Over the last 2 decades, quantum computing and machine learning have emerged as some of the most promising approaches for studying complex physical systems where several length and energy scales are involved. Machine learning techniques and in particular neural-network quantum states Goodfellow et al. [1] have recently been applied to studies of many-body systems, see, for example, Refs. Carleo and Troyer [2]; Carrasquilla and Torlai [3]; Pfau et al. [4]; Calcavecchia et al. [5]; Carleo et al. [6]; Boehnlein et al. [7]; Adams et al. [8]; Lovato et al. [9], in various fields of physics and quantum chemistry, with very promising results. In many of these studies, results have aligned well with exact analytical solutions or are in close agreement with state-of-the-art quantum Monte Carlo calculations.

The variational and diffusion Monte Carlo algorithms are among the most popular and successful methods available for ground-state studies of quantum mechanical systems. They both rely on a suitable ansatz for the ground-state of the system, often dubbed the trial wave function, which is defined in terms of a set of variational parameters whose optimal values are found by minimizing the total energy of the system. Devising flexible and accurate functional forms for the trial wave functions requires prior knowledge and physical intuition about the system under investigation. However, for many systems we do not have this intuition, and as a result it is often difficult to define a good ansatz for the state function.

According to the universal approximation theorem, a deep feedforward neural network can represent any continuous function within a certain error Hornik et al. [10] — see also Refs. Murphy [11]; Hastie et al. [12]; Bishop [13]; Goodfellow et al. [1] for further discussions of deep learning methods. Since the variational state in principle can take any functional form, it is natural to replace the trial wave function with a neural network and treat it as a machine learning problem. This approach has been successfully implemented in recent works, see, for example, Refs. Pfau et al. [4]; Carleo and Troyer [2]; Cassella et al. [14]; Adams et al. [8]; Lovato et al. [9], and forms the motivation for the present study. Here, the neural network of choice was derived from so-called Gaussian-binary restricted Boltzmann machines, much inspired by the recent contributions by Carleo et al., see, for example, Refs. Carleo and Troyer [2]; Carleo et al. [6]. Unlike binary-binary restricted Boltzmann machines Sieber and Gehringer [15], the approximation properties of Gaussian-binary restricted Boltzmann aren’t yet well-understood. However, they are considered highly-expressive networks for certain problems, such as dimensionality reduction and continuous probability density estimation. Note that neural-network representations of variational states are more general, as they don’t in principle require prior knowledge of the ground-state wave function, thereby opening the door to systems that have yet to be solved. Particular attention however has to be devoted to the symmetries of the problem, whose inclusion is critical to achieve accurate results.

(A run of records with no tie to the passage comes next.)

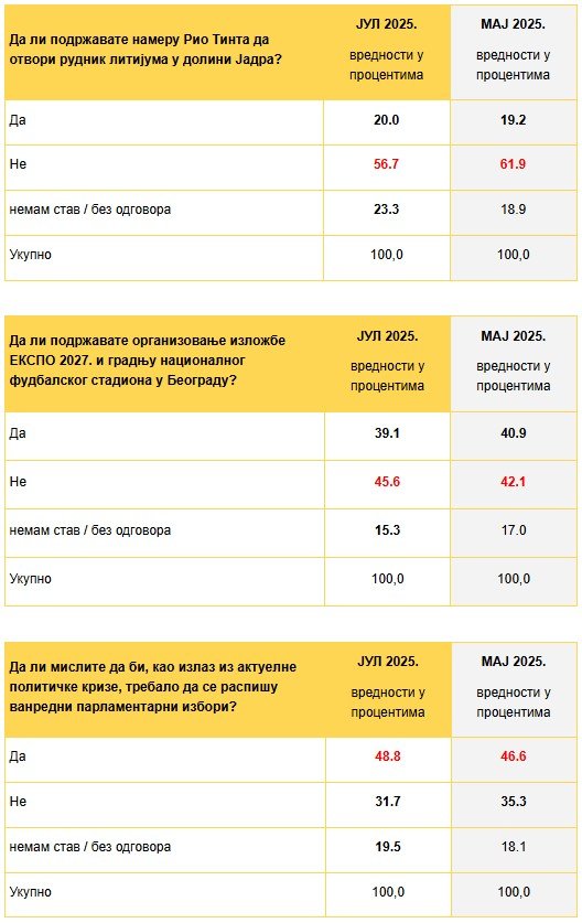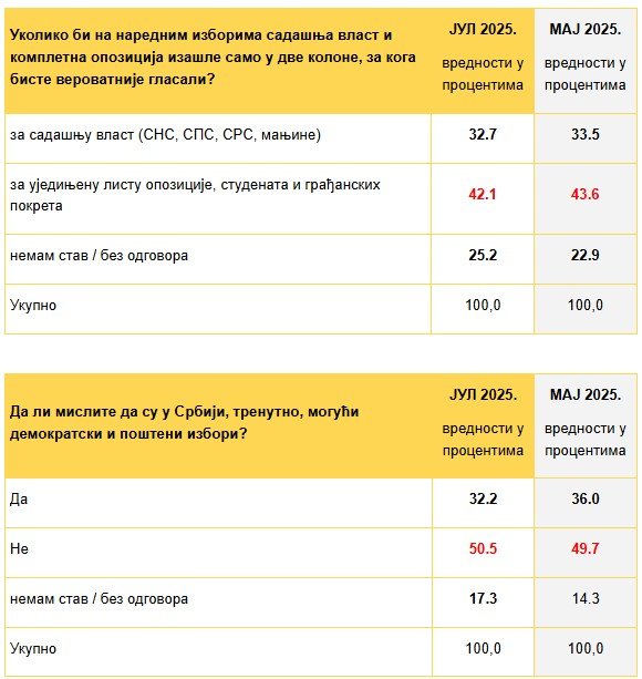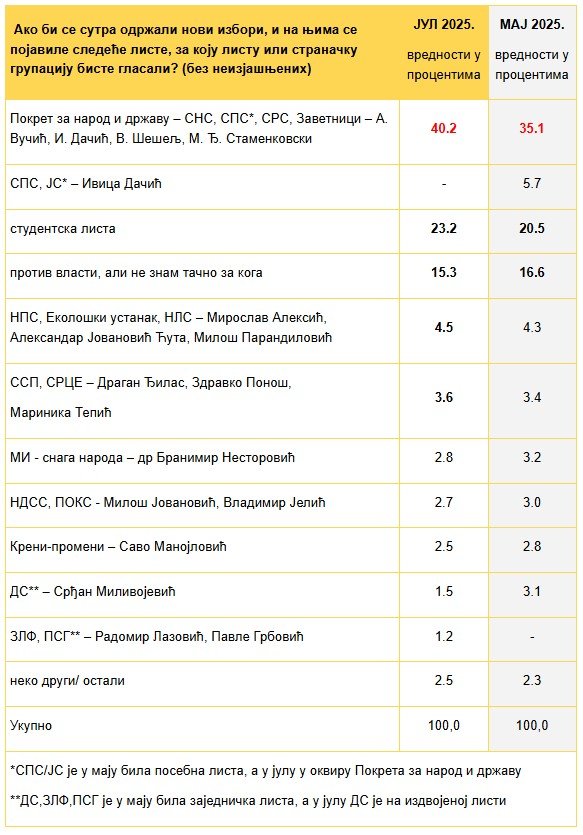 Компарација истраживања (Јул : Мај 2025)
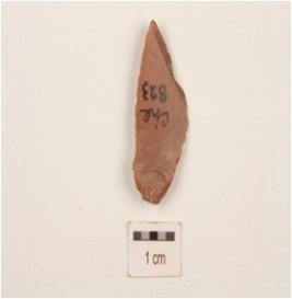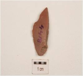 | Description / विवरण | Parallel sided chert blade, distal end broken, chipped off bulb with prepare platform, use wear marks on both working edges, a straight vertical ridge on dorsal surface. |
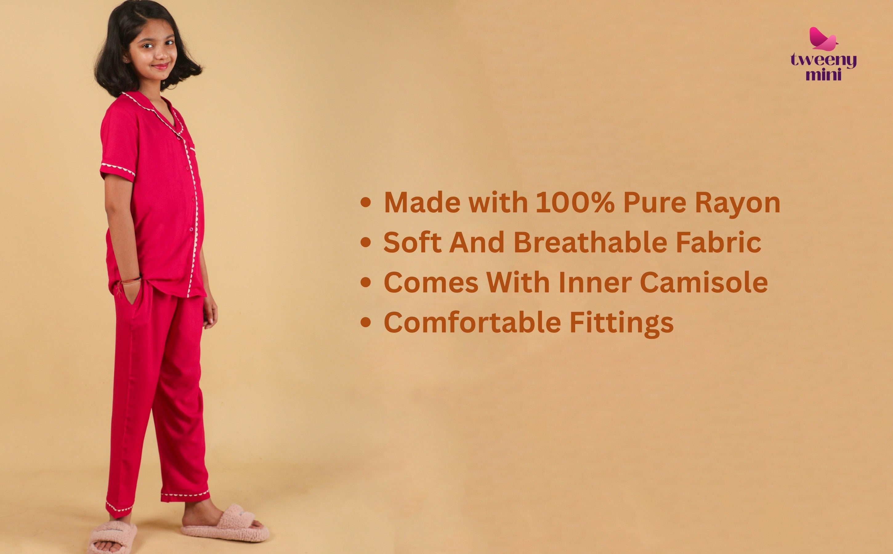 The inner camisole stands out as one of the most loved elements in this best nightsuit for girls. With soft ruching and adjustable straps, it delivers the perfect blend of style and composure. Kids can wear it under the shirt for a layered look or wear it alone on hot nights. The smooth rayon helps them stay cool even when temperatures rise.
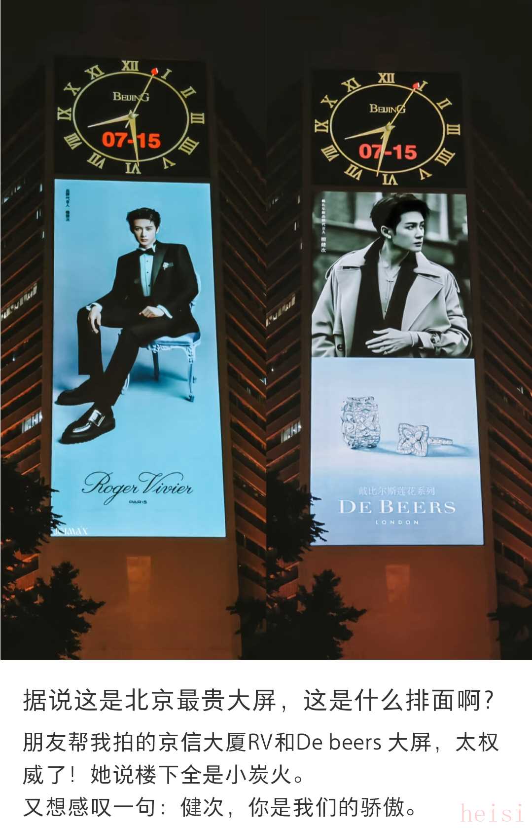 戴比爾斯對檀健次寵到什么程度呢?竟然和檀健次的另外一個奢牌RogerViviericon,同時段競相為檀健次投了北京京信大廈的地廣,這個地段百萬哦! ?
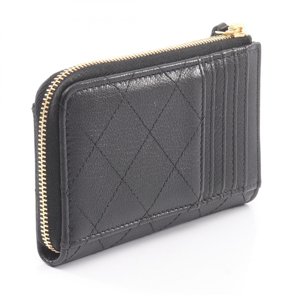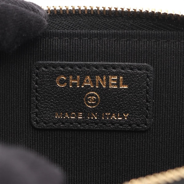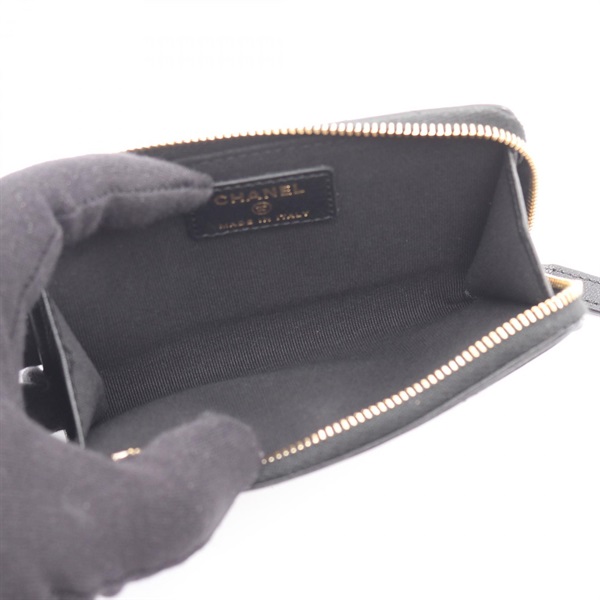 CHANEL COCO Mark Zip Card Case Coin purse AP4917 leather Black GHW Used Women CC
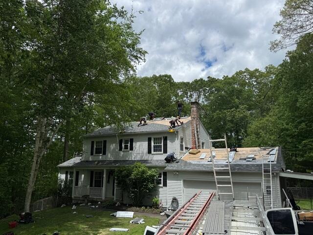This home in Lebanon, Connecticut was in need of a new roof and Klaus Larsen Roofing gave them just that! To begin this job, we removed the existing layer of roofing material. Afterwards we cleared away all debris and used a magnetic roller to ensure that there were no loose nails in the homeowner's lawn. Next we inspected the plywood decking, and found that 2 sheets of plywood were visibly damaged and in need of a replacement. With the decking process finished, we installed two rows of IKO Gold Shield Ice & Water Barrier. At the seams we installed a 4" self-adhering flashing tape and installed a synthetic underlayment to ensure protection from the elements. For shingles, we installed a Klaus Roofing System using IKO Dynasty Architectural Shingles in the Driftshake colorway. To finish the job, we installed a Shingle Vent II ridge vent that ensures the home's attic is well ventilated. This home is now complete thanks to Klaus Larsen Roofing!
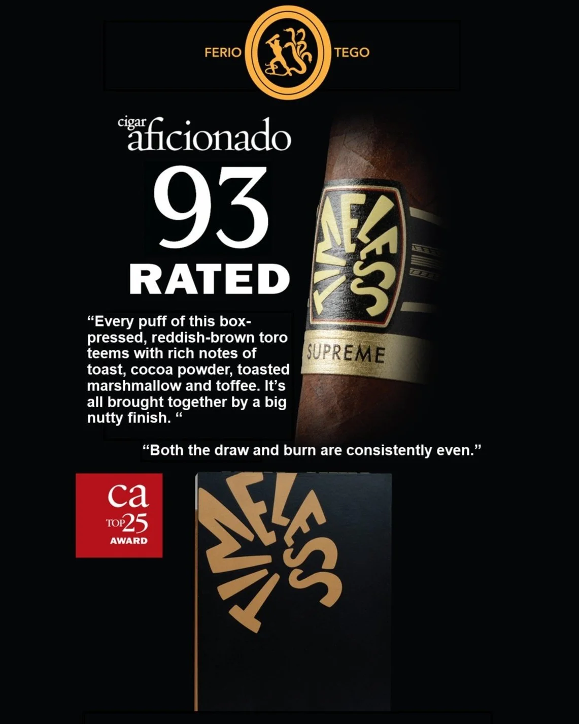 Ferio Tego is a premium cigar and accessories company launched in 2021 by Michael Herklots and Brendon Scott. In addition to their flagship Ferio Tego® brand, the company also owns the Timeless® Collection, Metropolitan® Selection, and Epoca® brands of premium cigars as well as the Ancora® accessories brand. Ferio Tego’s cigars are manufactured by hand in the Dominican Republic, Nicaragua, and Honduras.
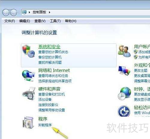 2、 进入控制面板,选择程序,点击卸载程序,操作所示。
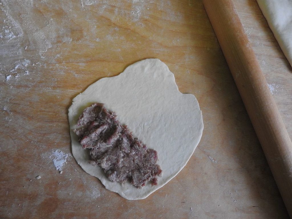 Bild - matlagning, cheburek, det sista steget, innan, stekning
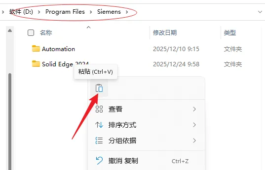 15.打开安装包解压后的【Solid Edge2024】文件夹中的【Crack】文件夹,鼠标右击【Solid Edge 2024】文件夹选择【复制】。
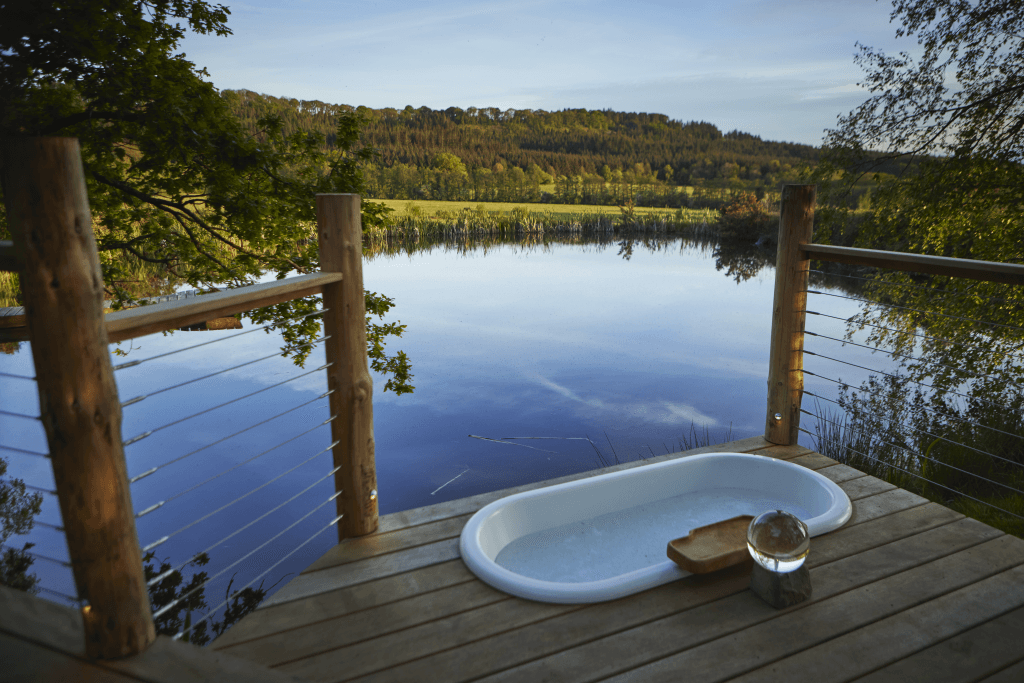 Described by one guest as ‘a mixture of log cabin and spa retreat’, Eden Vale Lodge has so many places to relax that you might forget to explore the gorgeous Cumbrian surroundings. From the vast handmade bed and crackling wood burner to the warm outdoor tub, private sauna and hanging chair on the deck, it’s the perfect cabin for slow living.
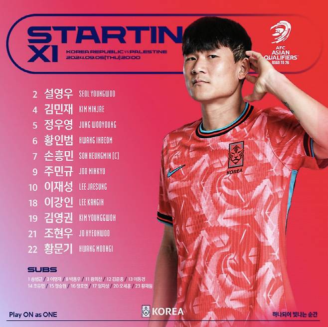 홍 감독은 베스트 라인업으로 첫 경기에 나섰다. 유럽파 3대장이 모두 나섰다. 주민규(울산)이 최전방에 서고, 손흥민 이재성(마인츠) 이강인이 2선에 자리했다. 중원에는 페예노르트 이적을 확정지은 황인범과 정우영(울산)이 포진했다. 포백은 설영우(즈베즈다)-김영권(울산)-김민재-황문기(강원)가 이뤘다. 황문기는 이번이 A매치 데뷔전이다. 골문은 조현우(울산)가 지켰다. 황희찬(울버햄턴) 엄지성(스완지시티) 오세훈(마치다) 등은 벤치에서 출발했다. 양민혁 최우진 이한범은 엔트리에서 제외됐다.

In this work, we will focus on systems of electrons confined to move in two-dimensional harmonic oscillator systems, so-called quantum dots. These are strongly confined electrons and offer a wide variety of complex and subtle phenomena which pose severe challenges to existing many-body methods. Due to their small size, quantum dots are characterized by discrete quantum levels. For instance, the ground states of circular dots show similar shell structures and magic numbers as seen for atoms and nuclei. These structures are particularly evident in measurements of the change in electrochemical potential due to the addition of one extra electron. Here, these systems will serve as our test of the applicability of restricted Boltzmann machines as artificial neural network variational states.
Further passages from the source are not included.